Voici les principaux postes de travaux à la charge du bailleur :
- Remplacement d’un volet défectueux par vétusté, d’une fenêtre à simple vitrage ou d’une porte d’entrée qui ne ferme plus correctement
- Réfection des installations électriques non conformes aux normes de sécurité, et mise aux normes du tableau électrique
- Réparation ou remplacement de la robinetterie encastrée, des canalisations principales et du système de production d’eau chaude
- Travaux d’isolation thermique, de ravalement de façade et de reprise de toiture
Obligation de décence du logement et normes énergétiques
Le propriétaire ne choisit pas librement les travaux qu’il réalise. La loi lui impose de fournir un logement décent tout au long du bail. Concrètement, cela signifie que le logement doit garantir la sécurité physique du locataire et ne pas présenter de risques pour sa santé.
Depuis le 1er janvier 2025, cette obligation a pris une dimension supplémentaire. Un logement classé G au DPE ne peut plus être mis en location, car il est considéré comme indécent. L’interdiction s’étendra aux logements classés F en 2028, puis E en 2034.
Cette interdiction ne rompt pas un bail en cours. Elle bloque toute remise en location tant que des travaux de rénovation énergétique n’ont pas permis d’atteindre au minimum la classe F. Le bailleur doit aussi fournir un DPE valide, les anciens diagnostics réalisés avant 2021 n’étant plus utilisables pour louer.
Pourquoi c’est un point à ne pas négliger ? Parce que ces travaux de performance énergétique (isolation des murs, remplacement des fenêtres, changement de système de chauffage) représentent souvent des budgets conséquents. Et ils sont intégralement à la charge du propriétaire.

Financer les travaux : aides accessibles au propriétaire bailleur
Un bailleur qui doit rénover un logement classé E, F ou G peut bénéficier de MaPrimeRénov’ dans sa version « rénovation d’ampleur ». Ce dispositif est accessible aux propriétaires bailleurs, sous deux conditions principales : louer le bien en résidence principale pendant au moins six ans et réaliser les travaux dans un délai de trois ans après l’accord de la prime.
Par ailleurs, les travaux de réparation, d’entretien et d’amélioration réalisés dans un logement locatif peuvent être déduits des revenus fonciers. Cette déduction s’applique aux dépenses effectivement supportées par le bailleur, pas aux travaux de construction ou d’agrandissement.

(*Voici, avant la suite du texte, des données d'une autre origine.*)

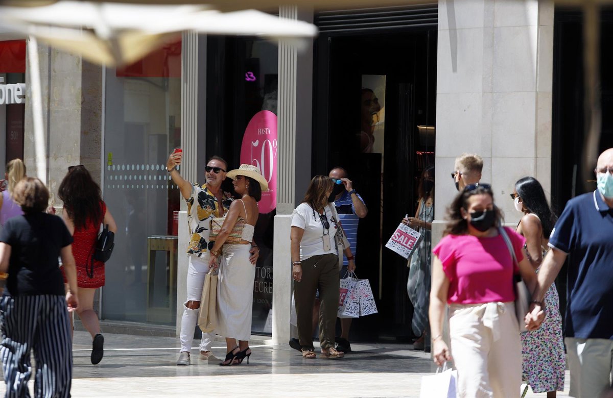 Personas sin mascarilla y otras con mascarilla en la calle Larios, durante el primer día en el que no es obligado el uso de la mascarilla en exteriores desde el inicio de la pandemia, a 26 de junio de 2021, en Málaga (Andalucía), España. El 30 de marzo - Álex Zea - Europa Press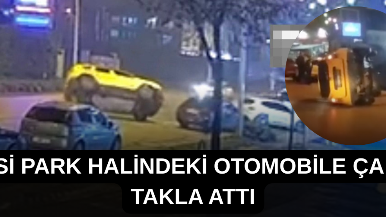 TAKSİ PARK HALİNDEKİ OTOMOBİLE ÇARPIP TAKLA ATTI

Chaque DPE comporte désormais un QR code de vérification sur le site de l’ADEME, ce qui renforce le contrôle de conformité. Un propriétaire qui tenterait de louer avec un diagnostic périmé ou falsifié s’expose à des sanctions.
Travaux en cours de bail : droits et limites du propriétaire
Le bailleur peut réaliser des travaux d’amélioration pendant la location, y compris dans les parties privatives. Le locataire ne peut pas s’y opposer, à condition que ces travaux ne transforment pas la nature du logement.
En pratique, le propriétaire doit notifier au locataire la nature et les modalités des travaux par courrier. Si les travaux durent plus de vingt-et-un jours, le locataire peut demander une réduction de loyer proportionnelle à la période et à la surface concernée.
Le bailleur ne peut pas profiter de travaux pour accéder au logement sans accord. Le droit au respect de la vie privée du locataire s’applique même pendant un chantier. Toute visite doit être convenue, sauf urgence manifeste (fuite d’eau, risque d’effondrement).
Le locataire assure l’entretien courant du logement : joints, robinets, dégorgement de siphon, entretien annuel de la chaudière. Le propriétaire prend en charge les remplacements liés à la vétusté et les interventions sur la structure, les canalisations encastrées ou les équipements en fin de vie. Les nouvelles contraintes énergétiques ajoutent une couche d’obligation, avec un calendrier précis qui court jusqu’en 2034. Garder un logement conforme n’est plus une option, c’est une condition pour continuer à louer.